Cette article est de la catégorie Innovation et du dossier Data Lifecycle Management

Problème des métadonnées

Où la bât blesse-t-il dans la recherche? Un connaisseur expose les difficultés.

Texte: Konrad O. Jaggi, publié le 01.04.2014

La biologie des systèmes compte parmi les points essentiels de la recherche soutenue par l'état en Suisse. Dans ce jeune domaine de recherche, on tente de saisir et de modéliser les systèmes biologiques dans leur ensemble: comment se comporte un micro-organisme, par exemple de levure, dans divers environnements. Ou comment fonctionne un processus biologique, par exemple la croissance des plantes. Il s'agit donc d'une recherche complexe sur les principes, qui exige une collaboration interdisciplinaire des chercheurs. SystemsX.ch est l'initiative nationale responsable de la promotion des projets de recherche en biologie des systèmes. Le projet SyBIT soutient tous les projets SystemsX.ch dans leur travail de recherche qui exige en partie énormément de données. Il est entre autres responsable du Data Lifecycle Management DLCM dans SystemsX.

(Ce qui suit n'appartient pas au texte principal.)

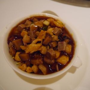 昨年も同じコースを頂きましたが、 最初に付きだしが違うだけで、それ以降はデザートも含めて全く同じ料理で、愕然としました。 美味しかったのですが、香港にまで外国から食べに来る一期一会の客への対して、もう少し配慮が必要だと思いました。

SWITCH Journal: Qui est responsable des données?
Peter Kunszt:
C'est très variable. Pour la séquence des gènes, la spectrométrie de masse et la microscopie par exemple, les EPF et universités ont des Core Facilities qui effectuent les données de manière professionnelle et contrôlée en tant que service. La gestion active des données dépend largement du projet. Lorsque les données sont créées à une Core Facility, il y a des opérations définies avec précision et qui sont constamment améliorées. Dans les différents laboratoires, cela est moins bien défini. Au SyBIT, nous mettons à disposition beaucoup de logiciel afin de faciliter les diverses tâches aux Core Facilities de même que dans les différents laboratoires. 

Quels sont les volumes de données produits?
Les plus grands producteurs de données arrivent à plusieurs douzaines de téraoctets par an. Les microscopes plus petits ou les compteurs de cellules plus simples ne produisent que des données de l'ordre de grandeur de 100 gigaoctets. 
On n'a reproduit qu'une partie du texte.